Broad Area Colloquium For AI-Geometry-Graphics-Robotics-Vision
(CS 528)


Agents in Space: The Autonomous Sciencecraft on EO-1

Steve Chien, JPL
May 2 , 2005, 4:15PM
TCSeq 201
http://graphics.stanford.edu/ba-colloquium/

Abstract

An Autonomous Science Agent has been flying onboard the Earth Observing One Spacecraft since 2003. This software enables the spacecraft to autonomously observe, detect, and respond to science events occurring on the Earth such as volcanoes, flooding, and sea ice breakup. This software, called the Autonomous Sciencecraft Experiment (ASE), includes AI software systems that perform science data analysis, deliberative planning, and run-time robust execution. ASE is in routine use controlling the EO-1 mission and has successfully acquired over a thousand images. More recently ASE has been integrated with dozens of other assets to form an earth observing sensorweb to to autonomously track volcanoes, floods, and wild fires. In this talk we describe the ASE software, how autonomous systems enable revolutionary new missions of space exploration, and areas of AI research central to space exploration.

About the Speaker

Dr. Steve Chien is a Principal Computer Scientist at the Jet Propulsion Laboratory, California Institute of Technology where he leads efforts in autonomous space systems and is the Principal Investigator for the Autonomous Sciencecraft Experiment. Dr. Chien is also an Adjunct Associate Professor with the Department of Computer Science of the University of Southern California and a Visiting Scholar at UCLA. He holds a B.S. with Highest Honors in Computer Science, with minors in Mathematics and Economics, M.S., and Ph.D. degrees in Computer Science, all from the University of Illinois.
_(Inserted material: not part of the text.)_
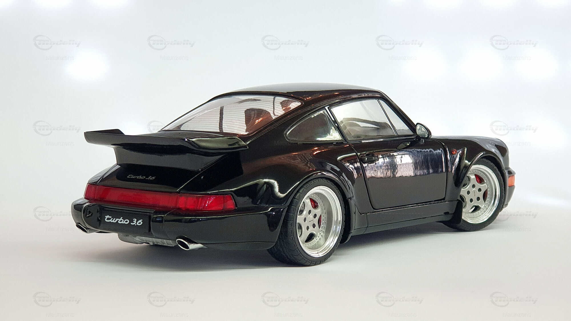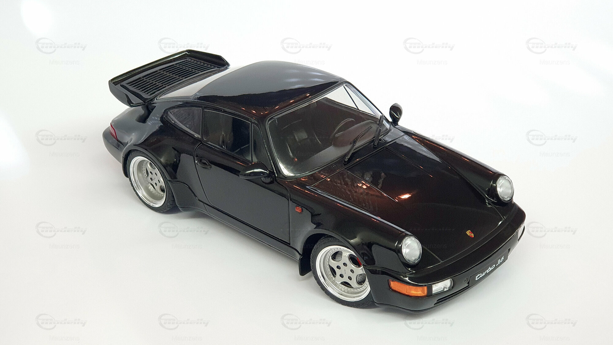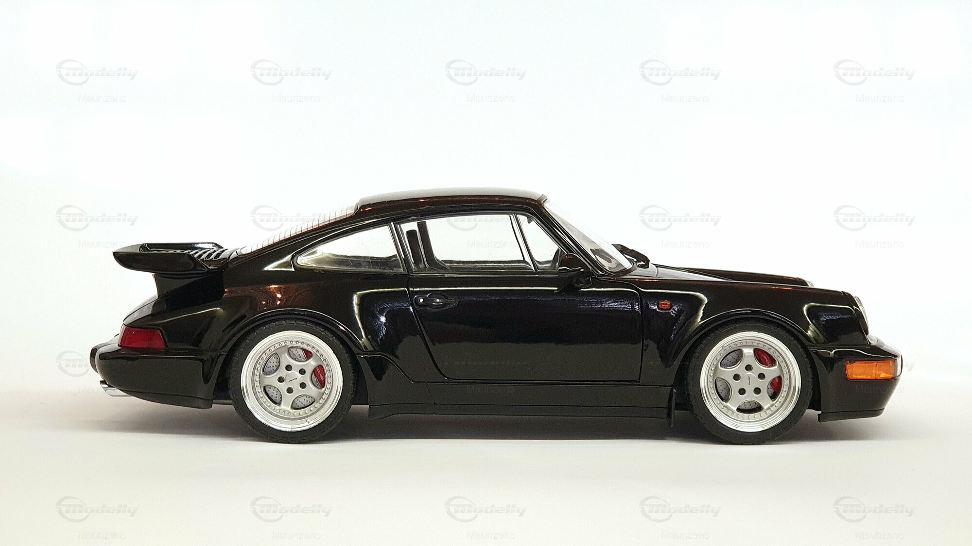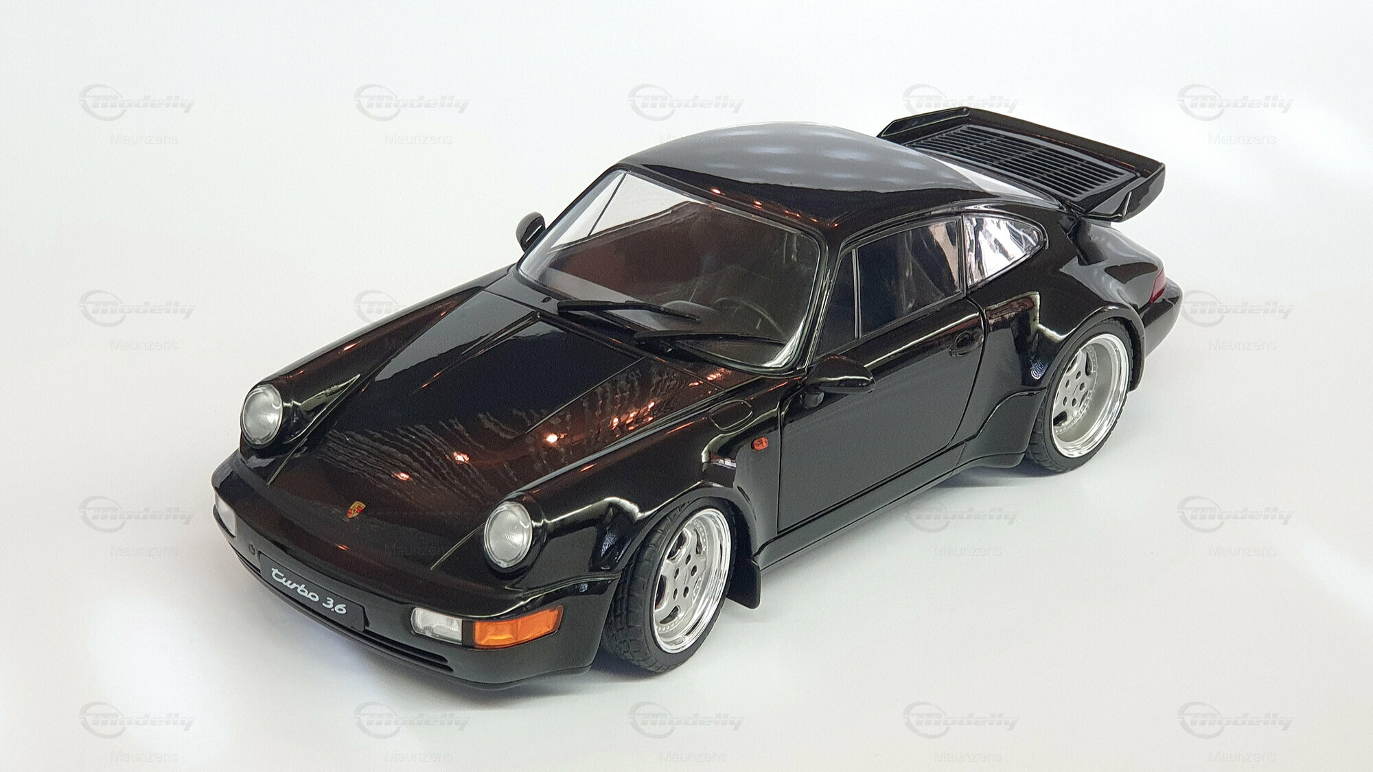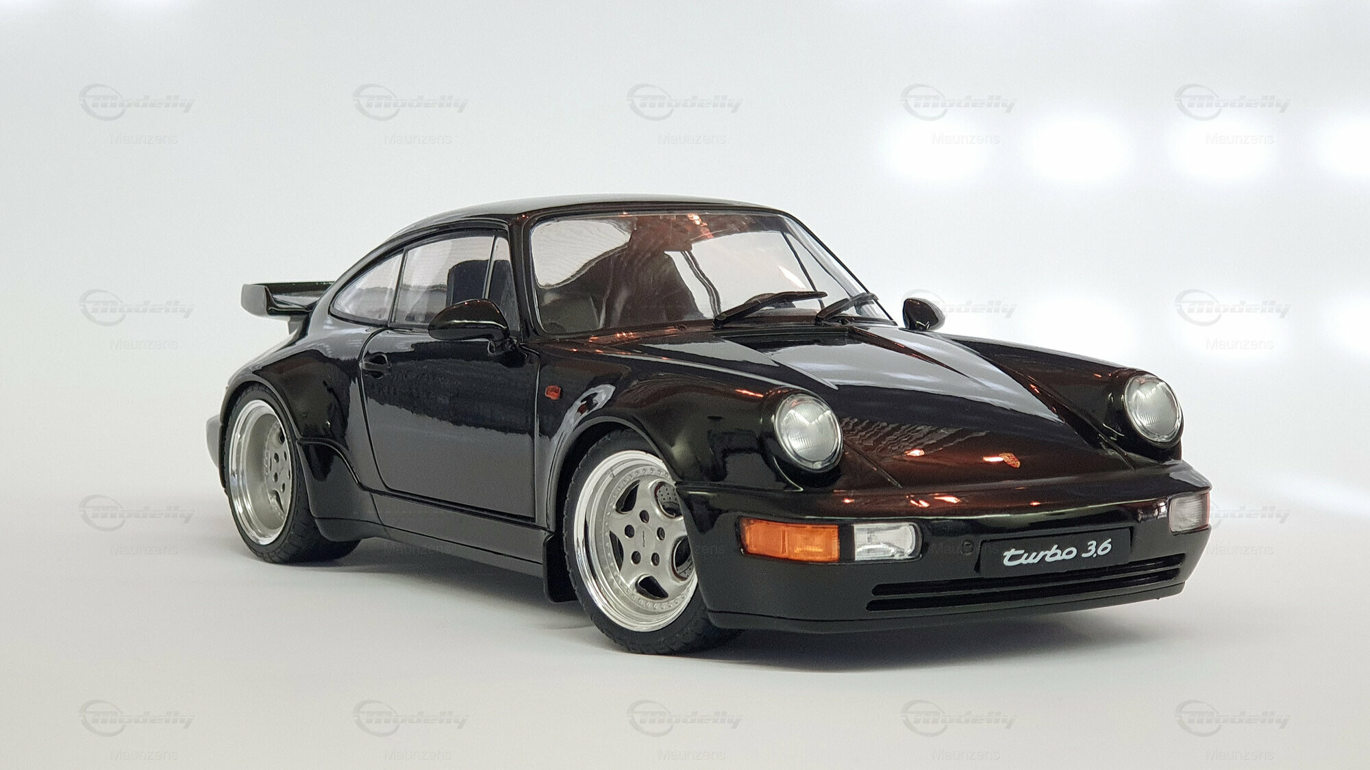 Das präsentierte Modellauto ist ein detailgetreuer Nachbau des Porsche 911 (964) Turbo 3.6, hergestellt von Solido im Maßstab 1:18. Dieses Modell besticht durch seine hohe Detailtreue, die besonders Sammler weltweit anzieht. Die sichtbaren Merkmale umfassen die markante schwarze Lackierung und die präzise nachgebildeten Details der Scheinwerfer und Rückleuchten. Auffällig sind auch die Felgen, die wie Originale von Speedline aussehen, was die Authentizität des Modells unterstreicht. Der Innenraum ist ebenfalls detailliert nachgebildet und zeigt das Cockpit in einem ebenfalls dunklen Farbton. Das Modell ist aus Diecast-Material hergestellt, was für seine Robustheit und Langlebigkeit sorgt. Bemerkenswert ist, dass dieses Modellauto in der Sammlung von Modelly-Mitglied "Maunzens" zu finden ist, was seine Exklusivität und Sammlerwert erhöht.

Dr. Chien was a recipient of the 1995 Lew Allen Award for Excellence. In 1997, he received the NASA Exceptional Achievement Medal for his work in research and development of planning and scheduling systems for NASA. He is the Team Lead for the ASPEN Planning System , which received Honorable Mention in the 1999 Software of the Year Competition and was a contributor to the Remote Agent System which was a co-winner in the same 1999 competition. In 2000, he received the NASA Exceptional Service Medal for service and leadership in research and deployment of planning and scheduling systems for NASA.